Abe Dabdoub has never been arrested. He has been issued only one traffic ticket.

Last year, the Toledo-area resident was sworn in as a U.S. citizen.

Yet since last August, U.S. agents have detained Dabdoub 17 times at the Canadian border. He’s been handcuffed, frisked, fingerprinted, interrogated and held for up to four hours. His wife has been subjected to similar procedures when she and their two young children have crossed the border.

Dabdoub, 39, who was born in Saudi Arabia to Palestinian parents, and his Chicago-born wife Amanda hold dual U.S. and Canadian citizenship. They regularly travel to Windsor, Ontario, to visit relatives and, until last summer, crossed the border without incident.

The engineer spoke about his experiences to about 150 people attending a forum Sunday night on detentions at the U.S.-Canadian border. The Rights Working Group’s “Liberty and Justice for All” campaign, the American Civil Liberties Union of Ohio, and the Council on American-Islamic Relations (CAIR), among others, sponsored the event.

Since Sept. 11, amid fears of another terrorist attack, Muslims, South Asians and the Arab community have had to fight for their rights, said Harvey Grossman, legal director of the ACLU of Illinois, who also spoke at the forum. Last year, the ACLU filed suit in Chicago federal court on behalf of nine Muslims and Arab-Americans who, the lawyer said, have been victims of dehumanizing treatment and punitive detentions at the border. . .

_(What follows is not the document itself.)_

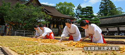 梅干しは昔、長生きのための薬とされていました。今でも、京都の北野天満宮では、神社のなかで取れた梅を塩づけにしたあとカラカラになるまで干し、健康や長寿を招く正月の縁起物として「大福梅」を授与しています。

Julia Shearson, executive director of the Cleveland office of CAIR, recently won a partial victory when she sued under the Freedom of Information Act to see documents about her 3-1/2 hour detention last year at the Canadian border at Buffalo. While traveling with her 4-year-old daughter, Shearson was “hauled away in handcuffs” and separated from her child, she says.

The judge ordered release of most of the documents about the detention, although major sections were edited out. Shearson is continuing to litigate for the remainder of the information.